Nothing looks hard to do, except the manufacturer did bolt a lot of brackets to the water pump bolts, so water pump replacement will take longer than it should. Timing belt replacement is straightforward. Spark plugs are easy to get to. The fuel filter on the '98 is fairly easy to replace. On the '04, the fuel filter is in the gas tank, where most manufacturers have put it, but the Elantra has an access panel that enables you to get to the fuel pump and filter without having to remove the gas tank. The more I study the Elantra, it looks as though Hyundai has taken a lot of lessons from Honda, and that is a good thing.
On the downside, the automatic transmission requires a special SPF-3 AT fluid sold only at Hyundai.
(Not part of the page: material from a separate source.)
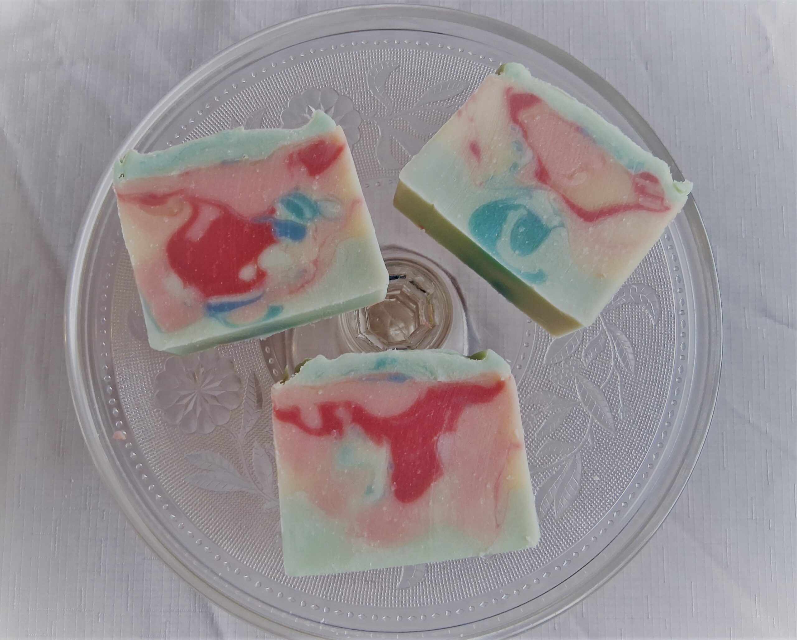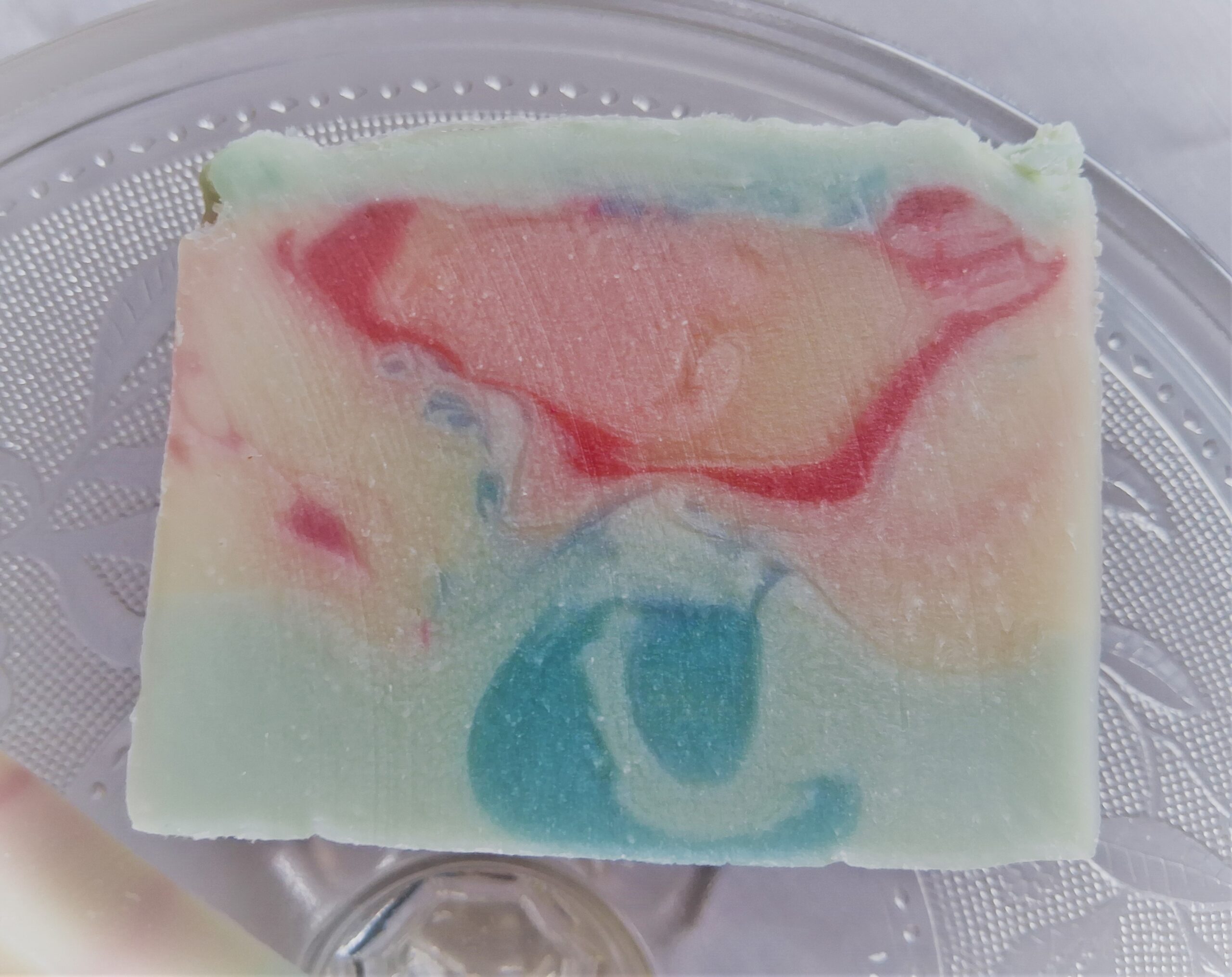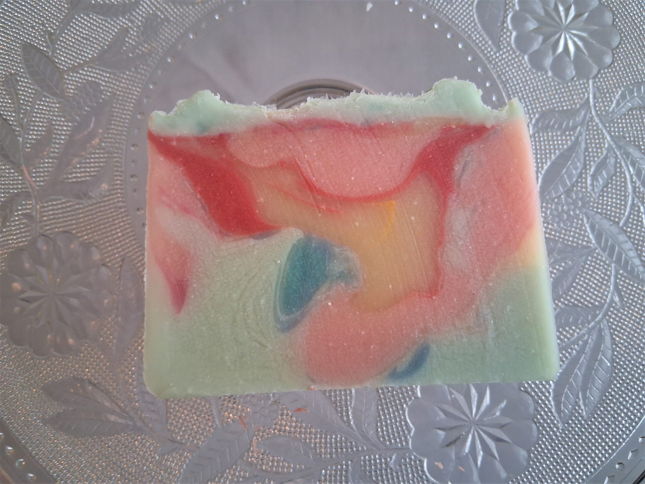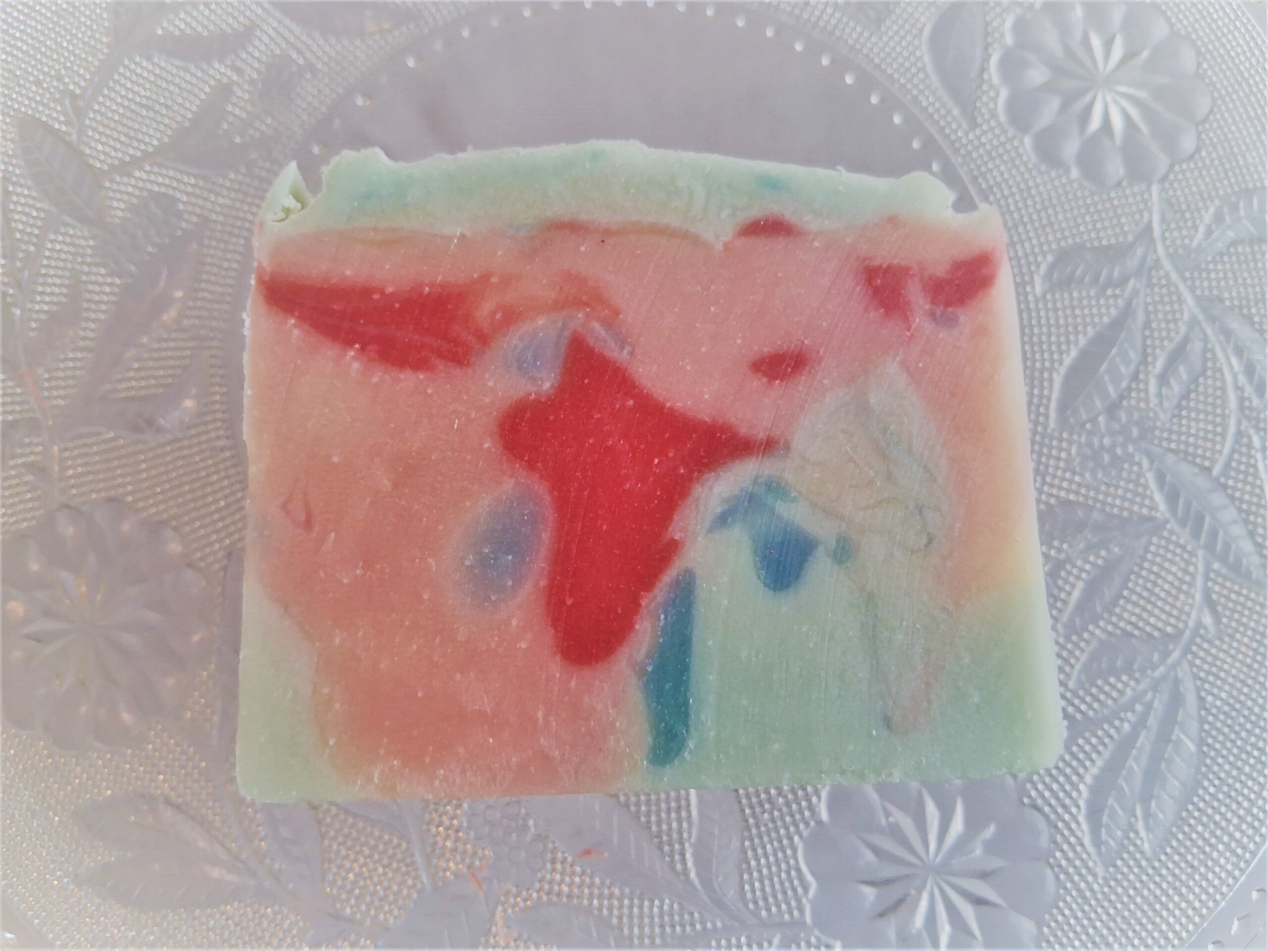 This pale blue soap has lovely swirls of light blue, dark and light pinks, and a touch of pale yellow. It’s very pretty and unique. It will look like useful art in your soap dish!

When Dextron is used, the transmission will fail internally. Hyundai either needs to change this design or add warning signs to the dipstick and fill areas under the hood.
The interior is laid out well, the materials look better than in a '98 and the car drives well. My rating for Hyundai is above average. With good technical support from Hyundai to the aftermarket, this is a car line you should go after for service and repairs, but you will need to spend time with the owners to sell any needed work.